Stored data:
== == ==

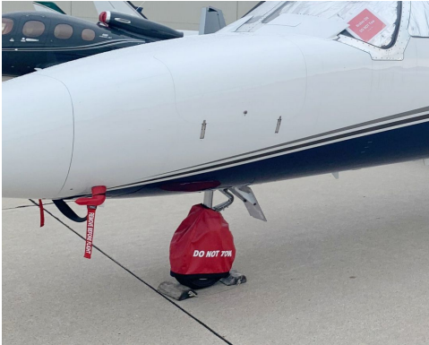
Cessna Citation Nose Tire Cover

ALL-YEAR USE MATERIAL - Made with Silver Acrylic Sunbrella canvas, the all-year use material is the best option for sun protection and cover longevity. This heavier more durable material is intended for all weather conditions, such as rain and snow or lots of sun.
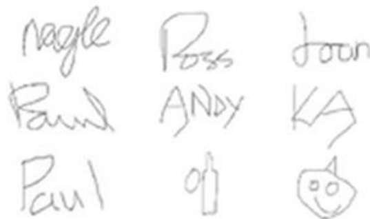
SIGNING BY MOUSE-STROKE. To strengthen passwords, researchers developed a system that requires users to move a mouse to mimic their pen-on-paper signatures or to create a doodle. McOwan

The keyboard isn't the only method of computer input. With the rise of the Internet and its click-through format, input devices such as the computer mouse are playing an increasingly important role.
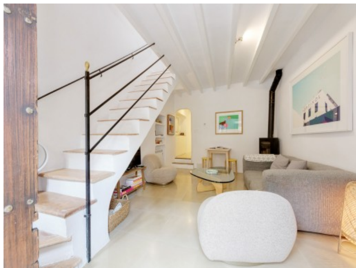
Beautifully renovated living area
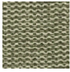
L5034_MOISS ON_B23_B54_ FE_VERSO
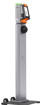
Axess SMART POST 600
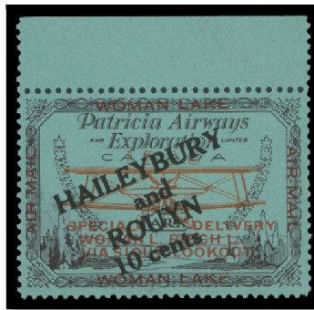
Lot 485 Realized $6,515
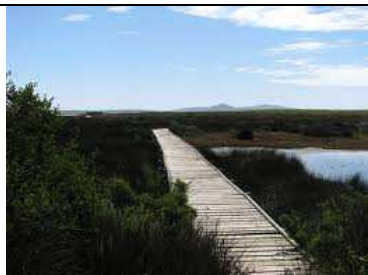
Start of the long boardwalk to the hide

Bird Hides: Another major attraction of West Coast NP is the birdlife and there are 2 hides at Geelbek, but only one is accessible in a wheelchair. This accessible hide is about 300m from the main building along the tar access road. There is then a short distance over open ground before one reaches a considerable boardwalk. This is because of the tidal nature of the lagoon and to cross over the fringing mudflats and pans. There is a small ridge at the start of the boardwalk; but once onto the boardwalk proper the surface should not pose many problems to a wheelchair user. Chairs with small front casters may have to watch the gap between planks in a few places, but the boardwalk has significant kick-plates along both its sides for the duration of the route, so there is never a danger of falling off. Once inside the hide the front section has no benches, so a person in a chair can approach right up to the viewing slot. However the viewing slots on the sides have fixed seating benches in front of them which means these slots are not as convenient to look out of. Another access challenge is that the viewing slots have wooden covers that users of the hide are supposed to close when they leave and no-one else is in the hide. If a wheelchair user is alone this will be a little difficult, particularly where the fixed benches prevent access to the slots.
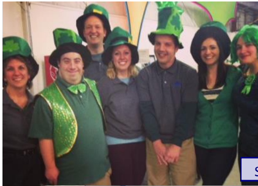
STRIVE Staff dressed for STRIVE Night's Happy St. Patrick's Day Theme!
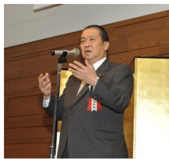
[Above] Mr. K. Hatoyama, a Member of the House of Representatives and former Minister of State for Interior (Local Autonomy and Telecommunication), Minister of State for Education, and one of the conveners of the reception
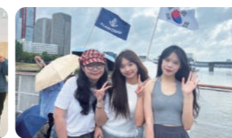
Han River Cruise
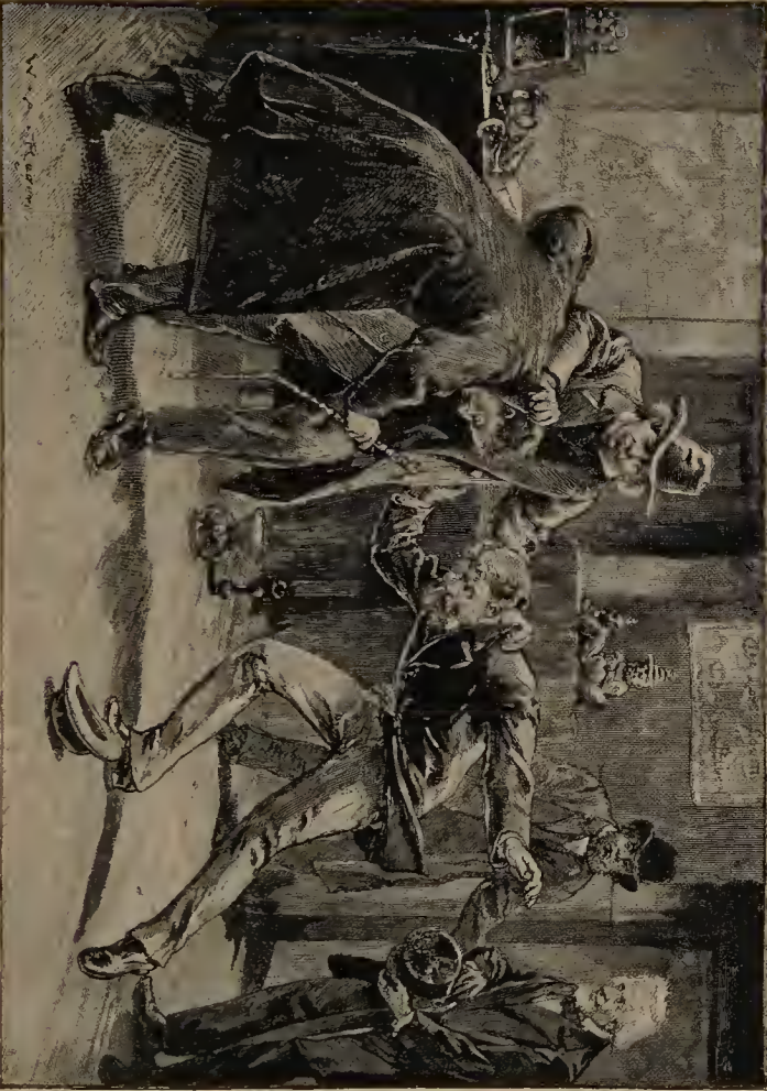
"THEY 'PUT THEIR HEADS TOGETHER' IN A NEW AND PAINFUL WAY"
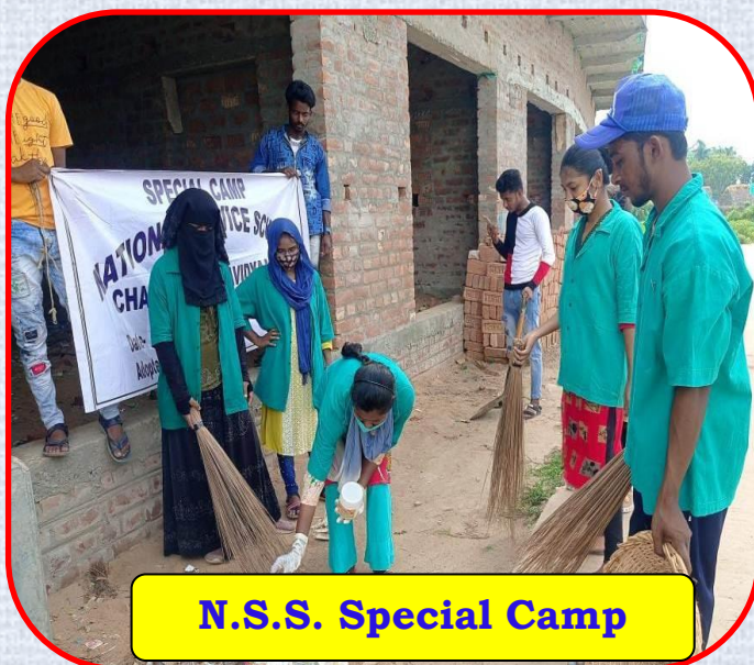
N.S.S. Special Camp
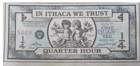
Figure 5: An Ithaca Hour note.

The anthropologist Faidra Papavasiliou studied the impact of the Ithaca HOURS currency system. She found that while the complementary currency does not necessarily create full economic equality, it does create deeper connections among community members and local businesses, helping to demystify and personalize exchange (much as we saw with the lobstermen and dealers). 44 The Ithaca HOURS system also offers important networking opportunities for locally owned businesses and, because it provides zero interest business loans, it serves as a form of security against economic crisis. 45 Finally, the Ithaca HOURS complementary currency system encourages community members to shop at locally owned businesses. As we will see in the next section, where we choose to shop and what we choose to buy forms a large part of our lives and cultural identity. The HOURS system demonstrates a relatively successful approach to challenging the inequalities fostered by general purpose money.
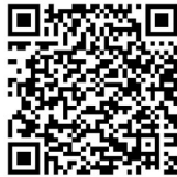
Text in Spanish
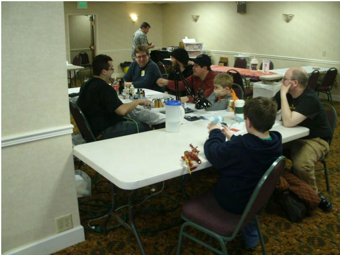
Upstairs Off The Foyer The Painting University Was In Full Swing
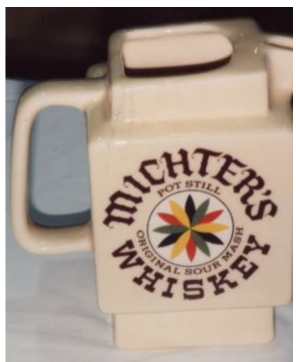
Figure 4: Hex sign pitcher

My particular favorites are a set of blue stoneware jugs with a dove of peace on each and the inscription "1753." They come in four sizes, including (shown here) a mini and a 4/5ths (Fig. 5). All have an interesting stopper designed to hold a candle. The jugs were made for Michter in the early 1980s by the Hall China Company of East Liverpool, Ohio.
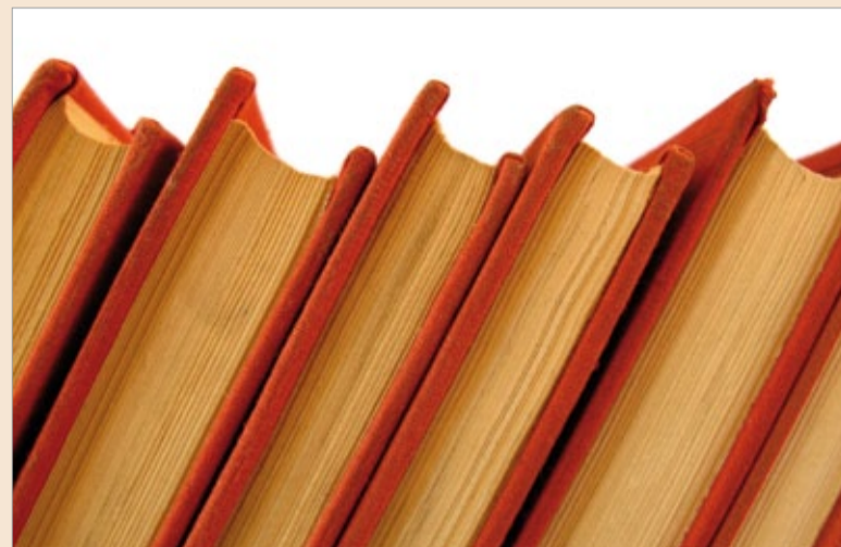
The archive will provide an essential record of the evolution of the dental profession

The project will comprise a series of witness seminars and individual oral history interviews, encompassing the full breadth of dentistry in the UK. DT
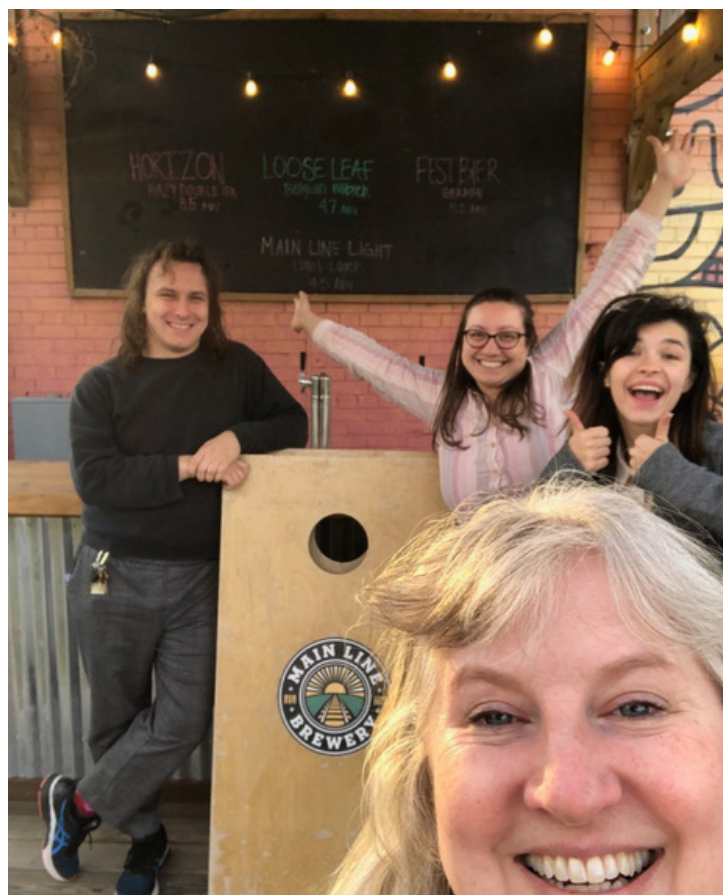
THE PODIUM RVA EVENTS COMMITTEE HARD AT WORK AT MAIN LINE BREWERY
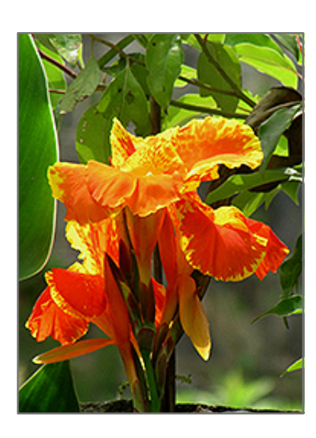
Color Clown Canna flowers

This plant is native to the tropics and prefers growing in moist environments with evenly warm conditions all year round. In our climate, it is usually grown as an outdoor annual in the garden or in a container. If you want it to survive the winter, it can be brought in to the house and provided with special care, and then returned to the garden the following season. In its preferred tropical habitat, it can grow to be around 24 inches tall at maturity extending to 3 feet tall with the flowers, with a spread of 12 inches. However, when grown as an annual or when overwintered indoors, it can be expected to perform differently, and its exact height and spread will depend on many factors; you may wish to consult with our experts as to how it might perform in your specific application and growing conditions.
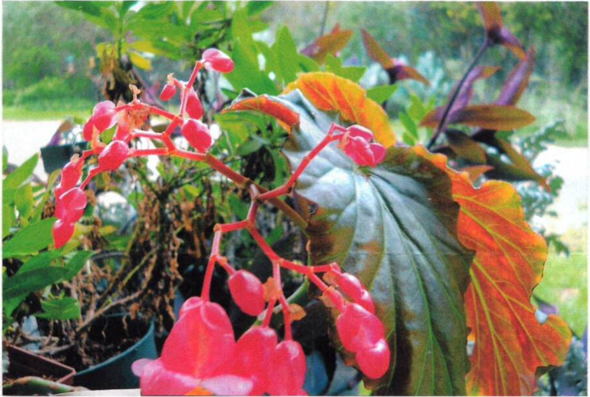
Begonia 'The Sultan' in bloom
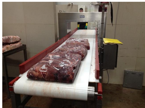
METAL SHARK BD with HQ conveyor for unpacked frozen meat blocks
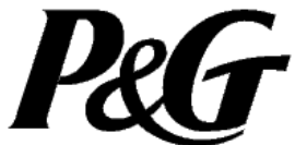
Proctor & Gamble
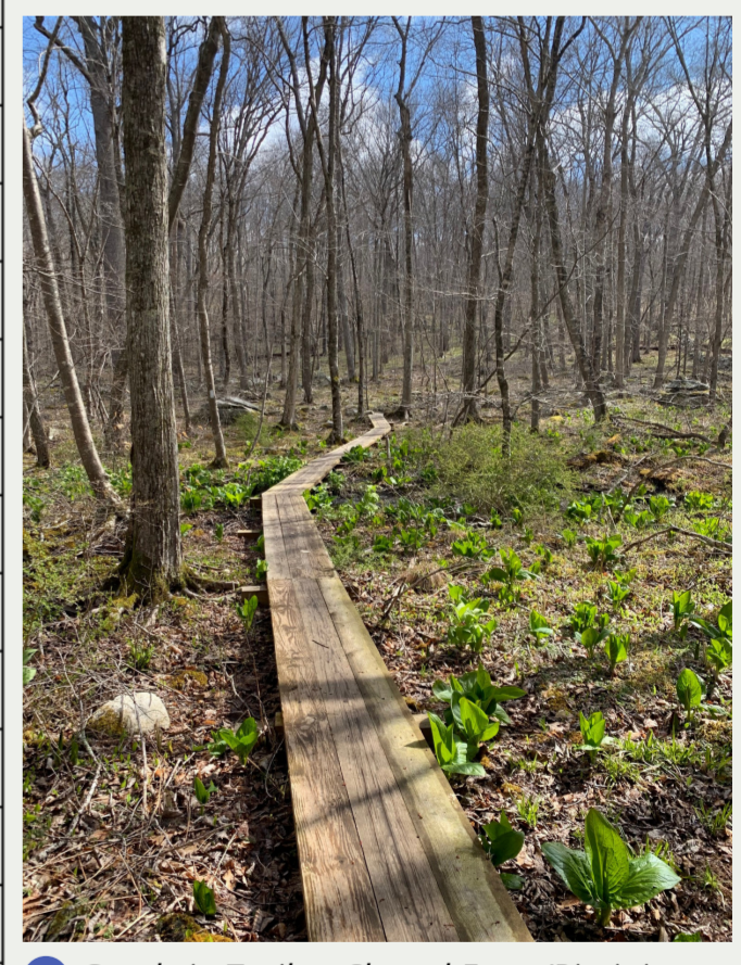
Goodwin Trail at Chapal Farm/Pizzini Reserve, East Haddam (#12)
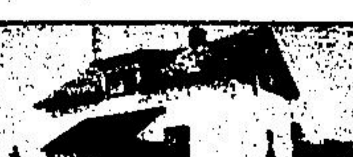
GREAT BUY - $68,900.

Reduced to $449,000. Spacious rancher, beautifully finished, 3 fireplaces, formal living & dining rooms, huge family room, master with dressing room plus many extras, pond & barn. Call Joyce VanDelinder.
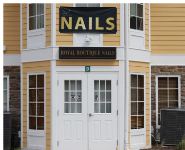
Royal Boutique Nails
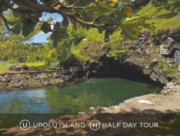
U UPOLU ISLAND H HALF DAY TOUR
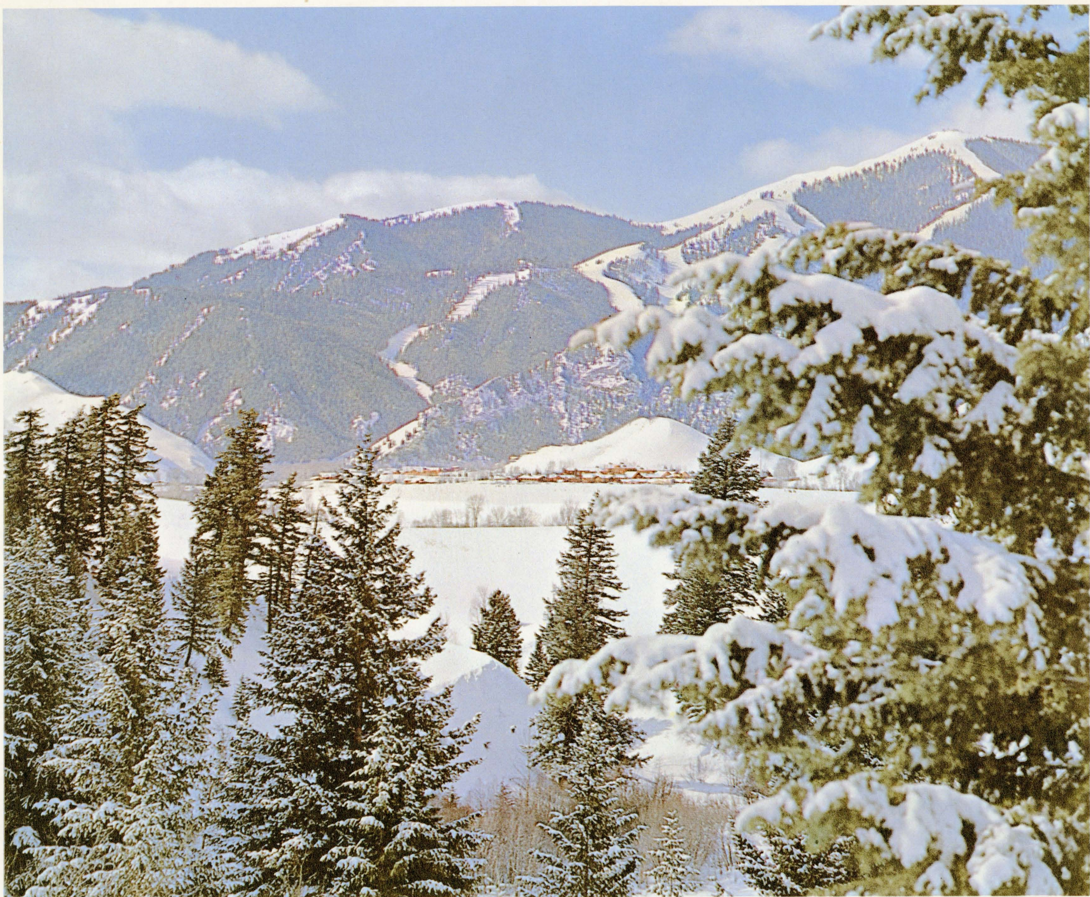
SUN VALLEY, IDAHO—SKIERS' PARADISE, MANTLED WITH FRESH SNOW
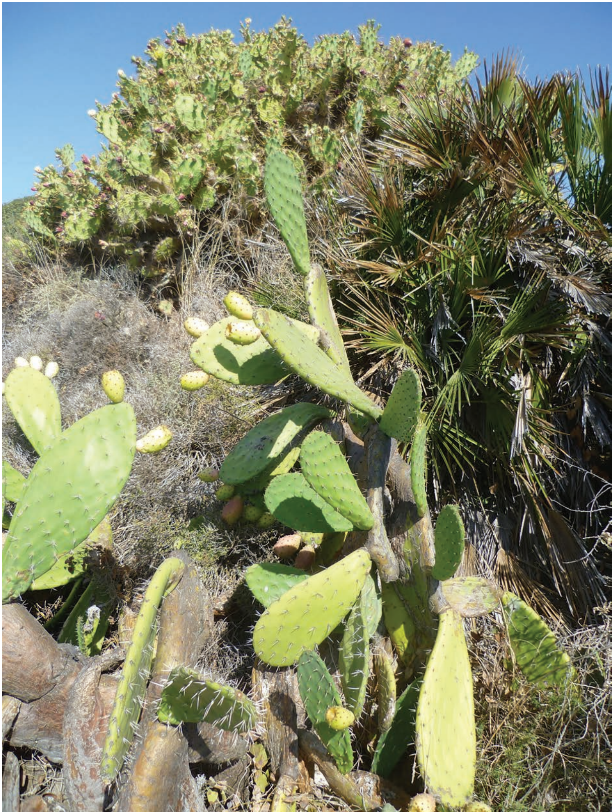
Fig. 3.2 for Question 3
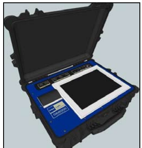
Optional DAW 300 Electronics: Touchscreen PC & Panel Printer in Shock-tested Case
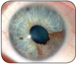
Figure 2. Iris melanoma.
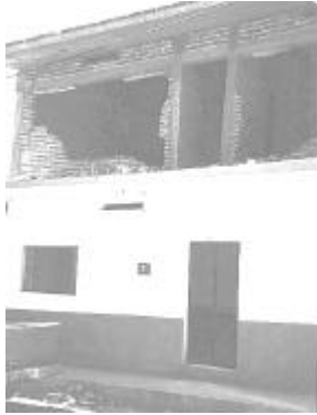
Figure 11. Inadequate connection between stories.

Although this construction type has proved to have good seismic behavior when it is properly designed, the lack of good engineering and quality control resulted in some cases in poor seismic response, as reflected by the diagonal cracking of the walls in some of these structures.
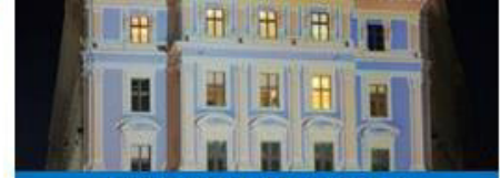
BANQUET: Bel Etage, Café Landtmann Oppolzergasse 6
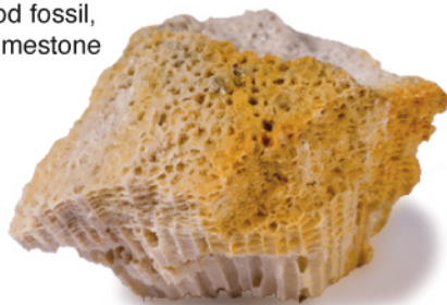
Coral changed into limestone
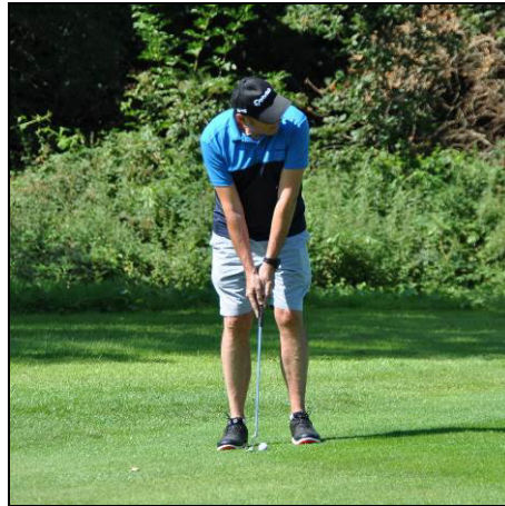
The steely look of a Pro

== == ==

Description of the task: Without the pictures, restate all of the entries word for word.

Exercise solution:
Cessna Citation Nose Tire Cover

ALL-YEAR USE MATERIAL - Made with Silver Acrylic Sunbrella canvas, the all-year use material is the best option for sun protection and cover longevity. This heavier more durable material is intended for all weather conditions, such as rain and snow or lots of sun.
SIGNING BY MOUSE-STROKE. To strengthen passwords, researchers developed a system that requires users to move a mouse to mimic their pen-on-paper signatures or to create a doodle. McOwan

The keyboard isn't the only method of computer input. With the rise of the Internet and its click-through format, input devices such as the computer mouse are playing an increasingly important role.
Beautifully renovated living area
L5034_MOISS ON_B23_B54_ FE_VERSO
Axess SMART POST 600
Lot 485 Realized $6,515
Start of the long boardwalk to the hide

Bird Hides: Another major attraction of West Coast NP is the birdlife and there are 2 hides at Geelbek, but only one is accessible in a wheelchair. This accessible hide is about 300m from the main building along the tar access road. There is then a short distance over open ground before one reaches a considerable boardwalk. This is because of the tidal nature of the lagoon and to cross over the fringing mudflats and pans. There is a small ridge at the start of the boardwalk; but once onto the boardwalk proper the surface should not pose many problems to a wheelchair user. Chairs with small front casters may have to watch the gap between planks in a few places, but the boardwalk has significant kick-plates along both its sides for the duration of the route, so there is never a danger of falling off. Once inside the hide the front section has no benches, so a person in a chair can approach right up to the viewing slot. However the viewing slots on the sides have fixed seating benches in front of them which means these slots are not as convenient to look out of. Another access challenge is that the viewing slots have wooden covers that users of the hide are supposed to close when they leave and no-one else is in the hide. If a wheelchair user is alone this will be a little difficult, particularly where the fixed benches prevent access to the slots.
STRIVE Staff dressed for STRIVE Night's Happy St. Patrick's Day Theme!
[Above] Mr. K. Hatoyama, a Member of the House of Representatives and former Minister of State for Interior (Local Autonomy and Telecommunication), Minister of State for Education, and one of the conveners of the reception
Han River Cruise
"THEY 'PUT THEIR HEADS TOGETHER' IN A NEW AND PAINFUL WAY"
N.S.S. Special Camp
Figure 5: An Ithaca Hour note.

The anthropologist Faidra Papavasiliou studied the impact of the Ithaca HOURS currency system. She found that while the complementary currency does not necessarily create full economic equality, it does create deeper connections among community members and local businesses, helping to demystify and personalize exchange (much as we saw with the lobstermen and dealers). 44 The Ithaca HOURS system also offers important networking opportunities for locally owned businesses and, because it provides zero interest business loans, it serves as a form of security against economic crisis. 45 Finally, the Ithaca HOURS complementary currency system encourages community members to shop at locally owned businesses. As we will see in the next section, where we choose to shop and what we choose to buy forms a large part of our lives and cultural identity. The HOURS system demonstrates a relatively successful approach to challenging the inequalities fostered by general purpose money.
Text in Spanish
Upstairs Off The Foyer The Painting University Was In Full Swing
Figure 4: Hex sign pitcher

My particular favorites are a set of blue stoneware jugs with a dove of peace on each and the inscription "1753." They come in four sizes, including (shown here) a mini and a 4/5ths (Fig. 5). All have an interesting stopper designed to hold a candle. The jugs were made for Michter in the early 1980s by the Hall China Company of East Liverpool, Ohio.
The archive will provide an essential record of the evolution of the dental profession

The project will comprise a series of witness seminars and individual oral history interviews, encompassing the full breadth of dentistry in the UK. DT
THE PODIUM RVA EVENTS COMMITTEE HARD AT WORK AT MAIN LINE BREWERY
Color Clown Canna flowers

This plant is native to the tropics and prefers growing in moist environments with evenly warm conditions all year round. In our climate, it is usually grown as an outdoor annual in the garden or in a container. If you want it to survive the winter, it can be brought in to the house and provided with special care, and then returned to the garden the following season. In its preferred tropical habitat, it can grow to be around 24 inches tall at maturity extending to 3 feet tall with the flowers, with a spread of 12 inches. However, when grown as an annual or when overwintered indoors, it can be expected to perform differently, and its exact height and spread will depend on many factors; you may wish to consult with our experts as to how it might perform in your specific application and growing conditions.
Begonia 'The Sultan' in bloom
METAL SHARK BD with HQ conveyor for unpacked frozen meat blocks
Proctor & Gamble
Goodwin Trail at Chapal Farm/Pizzini Reserve, East Haddam (#12)
GREAT BUY - $68,900.

Reduced to $449,000. Spacious rancher, beautifully finished, 3 fireplaces, formal living & dining rooms, huge family room, master with dressing room plus many extras, pond & barn. Call Joyce VanDelinder.
Royal Boutique Nails
U UPOLU ISLAND H HALF DAY TOUR
SUN VALLEY, IDAHO—SKIERS' PARADISE, MANTLED WITH FRESH SNOW
Fig. 3.2 for Question 3
Optional DAW 300 Electronics: Touchscreen PC & Panel Printer in Shock-tested Case
Figure 2. Iris melanoma.
Figure 11. Inadequate connection between stories.

Although this construction type has proved to have good seismic behavior when it is properly designed, the lack of good engineering and quality control resulted in some cases in poor seismic response, as reflected by the diagonal cracking of the walls in some of these structures.
BANQUET: Bel Etage, Café Landtmann Oppolzergasse 6
Coral changed into limestone
The steely look of a Pro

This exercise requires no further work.